I must have 50 cook books in my kitchen—some are useless, some have some inspired recipes, and some are totally impossible to cook out of—but there are three books that I love. Three books where all the pages are stained, covered in notes, check marks, and smiley faces. Three books that taught me how to cook. These are the three best books in my kitchen, the three books I recommend to everyone.
As I’ve progressed as a cook, I’ve gone through three distinct phases, beginner to intermediate to advanced, each well supported by one of these books. Today, New Best Recipe, the book that taught me to cook.
The New Best Recipe taught me how to cook. When I started cooking at 24, I knew how to make toast and cereal, and the toast was a stretch; scrambled eggs were a total disaster. Circumstance pushed me to the kitchen and I started paging through books. The first thing I was looking for was a bulletproof book. I needed recipes that were Right, with a capital R, that I could always count on turning out. This book does that in spades. In ten years, I’ve cooked 300–400 of the 1000 recipes in the book, and they all turn out well. That’s an essential characteristic of a beginner book. These recipes work.
But perhaps more importantly for a beginner’s book, New Best Recipe will teach you to cook. The key is the structure, which is different from almost any other cook book I’ve seen. Each recipe has two parts, a discussion and a recipe. Follow the recipe and you’re good to go; you’ll learn the how. But read the discussion and you’ll learn why. For each dish, the authors gather multiple recipes and try all the techniques. They may cook a dish 60 times before landing on the recipe they give you. They’ll tell you what they tried, how it turned out, and why. It’s fascinating reading but its real value is that after making a successful dinner, you’ll know why it was successful as well as how you made it. That’s a great way to learn to cook.
That sounds wonderful in theory, but what does it mean? Well, here are some examples of lessons learned from the book:
Chocolate chip cookies
- How do you make a crispy cookie? It turns out the amount of granulated sugar in a recipe affects the crispness of the cookie as the sugar hardens with cooling. Using brown sugar, with its higher moisture content, leads to a softer cookie.
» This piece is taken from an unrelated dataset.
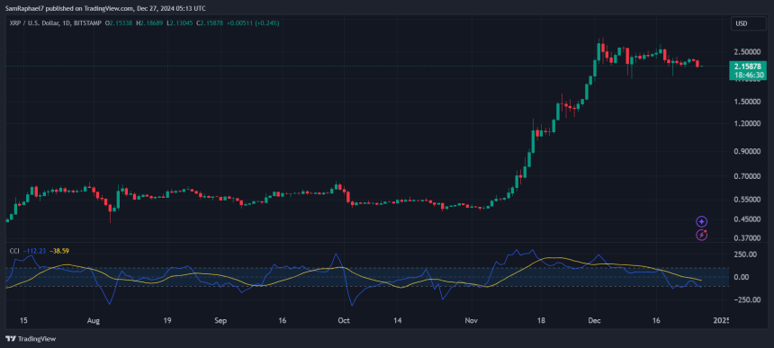 Meanwhile, amid the ongoing market turbulence, XRP appears to be in a comfortable position. While the token has defended the $2 support, currently changing hands at $2.15, its Commodity Channel Index (CCI) now stands at -112, suggesting an undervalued position.
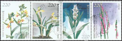 兰花系列五,尖叶火烧兰、报春花、银兰及绶草香味邮票4联

- Should you use solid or melted butter? Mixing solid butter and sugar creates minuscule air pockets in the butter. During baking, these expand leading to a fluffier cookie. Using melted butter eliminates these air pockets and creates a denser final product.
- How should I put the dough on the cookie sheet? To make chewier cookies, stack the dough high on the pan rather than flat and allow it to melt out in to a cookie shape while it cooks.
- What kind of meat should you use? Based on price and results between 12 different cuts of meat, the best is chuck.
- How do you thicken a stew? Between 4 different methods (flour the meat before browning, add flour with the onions, add a beurre manié (butter + flour), add cornstarch slurry), the best flavor and texture comes with adding flour to the onions.
- What should you use as a stewing liquid? Water is too greasy and simple in flavor, wine is too ‘strong’, beef stock is too overpowering with the beef already in the dish. Chicken stock wins, but with some added wine for acidity and flavor.
- How do you avoid soggy, stogy, bland deli style pasta salad? The issue turns out to be that vinegar from the vinaigrette degrades the pasta. Red, balsamic, and white wine vinegar all significantly affect the pasta. The balsamic also stains the pasta red. Lemon vinaigrette works perfectly though, providing a nice bright flavor, keeping the pasta fresh, and leaving the vegetables crispy.
If you cook out the New Best Recipe for a year or two, you’ll get a year or two of good meals. More importantly, along the way, you’ll learn how to cook. You’ll understand enough about cooking to adjust recipes on the fly, substitute ingredients, and whip up a sauce or stir fry from scratch without consulting a recipe book. More precise dishes, like baking, will still require a recipe but will be well within reach.
The one downfall of this book is the lack of food photography, which I find often drives me to make or ignore a dish in a different book, but it’s a minor flaw in an otherwise wonderful book. If I had one book in my kitchen, it would be this one, and if you’re learning to cook you should have it too.